The Place Itself is Worth The Effort
- Jake Watson
- 56 minutes ago
- 3 min read
Last week I joked that by mid‑July at least a few parents might start missing the structure of the school calendar. I didn’t expect to prove my own point quite this quickly. Summer has a way of loosening the edges of time, and somewhere between this past Monday and Thursday I seem to have misplaced a few days.
In the middle of it, though, (or was it at the end?) there was something worth pausing for. On Saturday morning families gathered for a life jacket giveaway at CTA. This wasn't a big event. It wasn't another Red Flannel Day or even the Sip and Shop Hop that happens every so often downtown.
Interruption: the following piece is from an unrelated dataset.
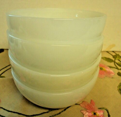 4 FIRE-KING OFF WHITE MILK GLASS 5" CEREAL SOUP BOWLS OVEN WARE MADE IN USA

It was simply the sight of families working alongside one another, helping parents fit bright orange and yellow life vests onto kids who were mostly excited to see the firefighters, deputies, EMTs and the trucks and equipment they brought to the event.
Events like this take planning, coordination and a willingness from different groups to line up their schedules and share responsibility. I'm sure everybody involved had other things they could have been doing, and yet for a couple hours they were all focused on the same goal: making sure children head into summer a little safer than they would have otherwise.
We, or maybe I, use the word “citizen” often around here, and usually without thinking much about it. But watching that parking lot fill up Saturday morning, it occurred to me that citizenship probably isn’t as grand as we, (or, ok maybe just I) sometimes make it. More often it shows up in ordinary decisions. Choosing to lend a hand instead of critique from a distance, choosing to collaborate instead of compete, choosing to give your time without much thought about who gets the credit.
Every community goes through seasons when conversations feel heavier than usual. Though that may sound bad, it's often a sign that people care deeply about the same place, even if they don’t always agree on the path forward. Part of that weight, I think, comes when history and governance intersect. Traditions matter here, especially here, and they always have. They shape how people see this place and how we describe it to others with an undertone of pride. At the same time, the responsibility of running a city carries its own realities. There are budgets that don’t always appease everybody, legal frameworks that work for most but not all, and decisions that don’t always fit neatly inside nostalgia.
History and governance. Those two things aren’t enemies, but they don’t always align perfectly either.
And when they don’t, it’s easy for old frustrations to resurface. Where symbols can start to carry more than their literal meaning. What hangs on a wall can begin to feel like a statement about belonging, about recognition, about who speaks for the town’s identity.
It doesn't take a long memory to know that conversations about tradition and direction have felt complicated. Cedar Springs has had moments when long‑standing relationships were tested and when decisions carried more emotion than anyone expected. Those seasons weren’t easy, and they certainly weren’t tidy, but the story didn’t end there. The town endured and people adjusted. Eventually, things found their footing again.
And maybe that’s part of what citizenship requires in a small town like ours. Not just enthusiasm when everything feels unified, but selfless collaboration when it doesn’t. A willingness to protect what matters without losing sight of one another in the process. History isn’t erased simply because it isn’t centered in every room, and it isn’t strengthened by turning it into a dividing line either.
The strength of a tradition comes from the people who carry it forward, not just from where it’s displayed.
By the end of Saturday morning, dozens of families drove away with life jackets in the back seat and kids already talking about the lake or the river or wherever summer will take them. In fact, some families went straight to the lake from the event, as evidenced by the photos they sent. Over time, these are the kinds of individual efforts that shape a place more than we realize.
Summer is just beginning. There will be bigger events, bigger conversations, and probably a few louder moments ahead. But if this week reminded me of anything, it’s that communities tend to move forward not so much because everyone agrees on everything, but because enough people decide the place itself is worth the effort.
Sometimes it takes the right people making that decision, and sometimes that effort looks as simple as kneeling down to tighten a strap, and wishing a kid a safe summer.